● Source data:
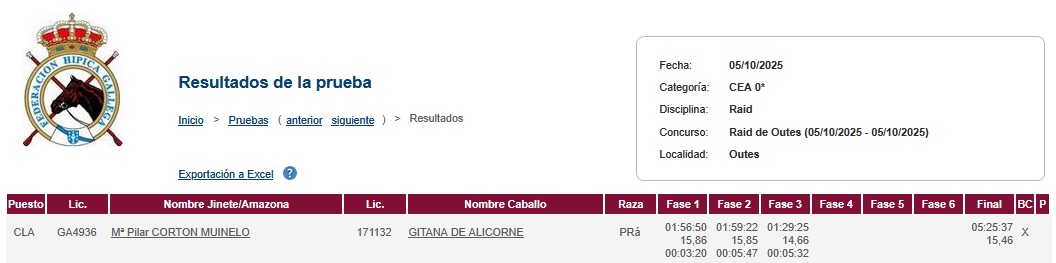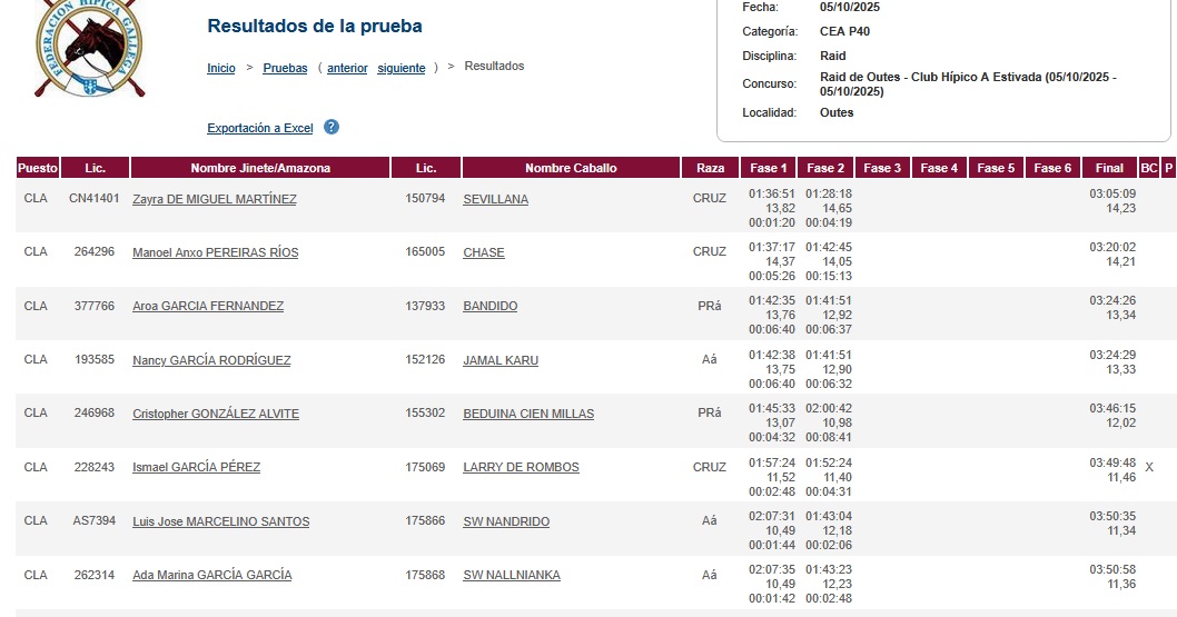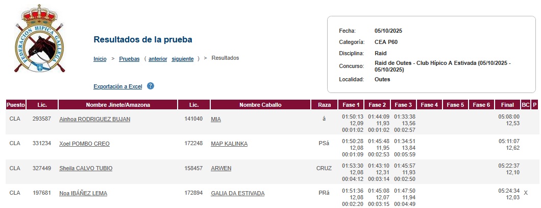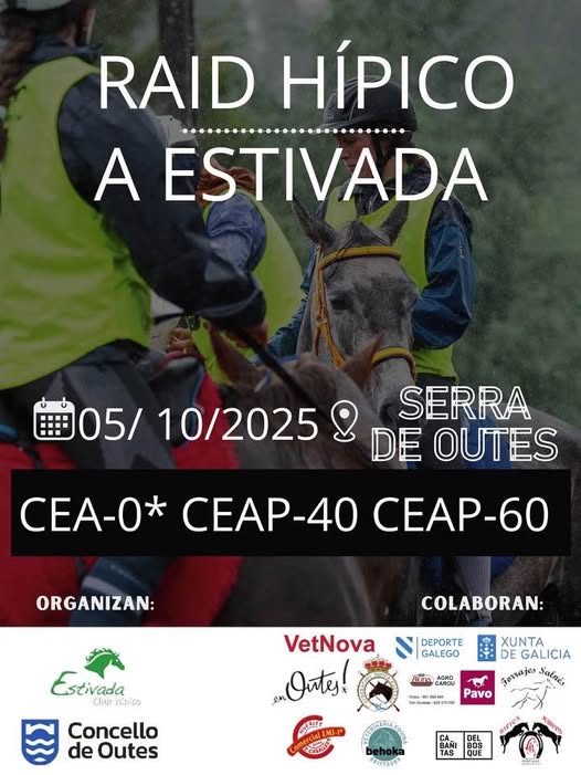 Estos son los Resultados del Raid Hípico A Estivada á Serra de Outes en el Concello de Outes (Coruña). Prueba organizada por el Club Hípico A Estivada/Concello de Outes. Que se corrió en el día de ayer día 5 de Octubre de 2025.
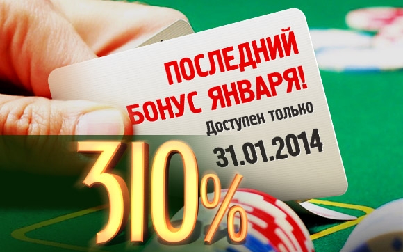Неожиданное предложение от Твист Казино! Только 31.01.14 Вы можете получить поистине огромный бонус в размере 310% в рамках супер акции "Последний бонус Января"! Бонус 310% будет начислен на каждый депозит от 10 центов и выше.
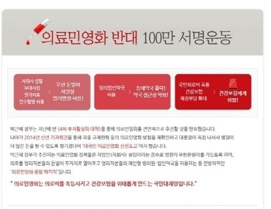 '의료민영화' 반대 서명 운동이 SNS를 통해 빠르게 확산되고 있다.
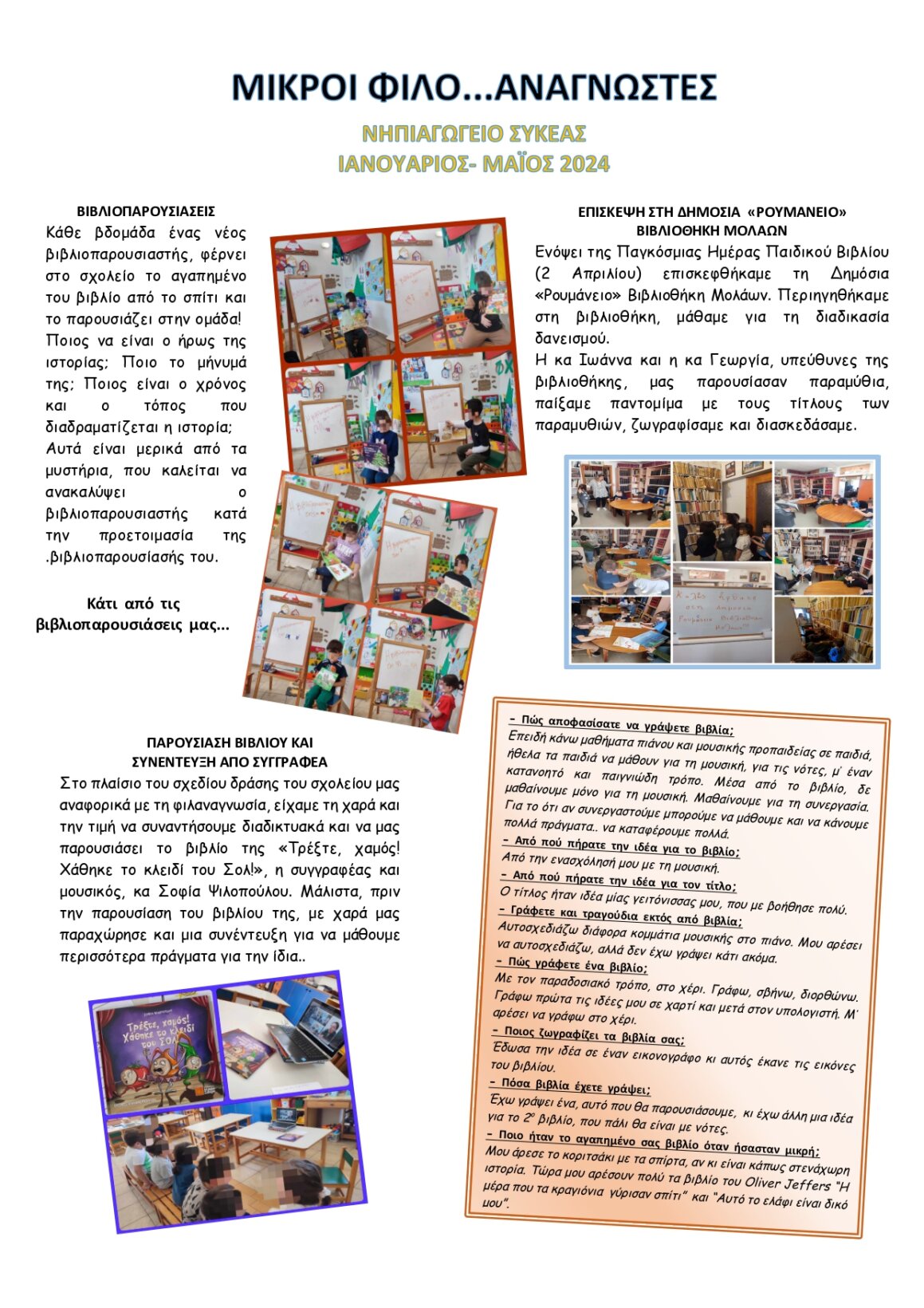 Ξεκινήσαμε και τις βιβλιοπαρουσιάσεις μας. Κάθε βδομάδα ένα παιδί ορίζεται ως βιβλιοπαρουσιαστής, φέρνει στο σχολείο το αγαπημένο του βιβλίο από το σπίτι και το παρουσιάζει στην ομάδα!

● Your goal: Write the listing out exactly, apart from its pictures.

● Final answer:
 Estos son los Resultados del Raid Hípico A Estivada á Serra de Outes en el Concello de Outes (Coruña). Prueba organizada por el Club Hípico A Estivada/Concello de Outes. Que se corrió en el día de ayer día 5 de Octubre de 2025.
Неожиданное предложение от Твист Казино! Только 31.01.14 Вы можете получить поистине огромный бонус в размере 310% в рамках супер акции "Последний бонус Января"! Бонус 310% будет начислен на каждый депозит от 10 центов и выше.
 '의료민영화' 반대 서명 운동이 SNS를 통해 빠르게 확산되고 있다.
 Ξεκινήσαμε και τις βιβλιοπαρουσιάσεις μας. Κάθε βδομάδα ένα παιδί ορίζεται ως βιβλιοπαρουσιαστής, φέρνει στο σχολείο το αγαπημένο του βιβλίο από το σπίτι και το παρουσιάζει στην ομάδα!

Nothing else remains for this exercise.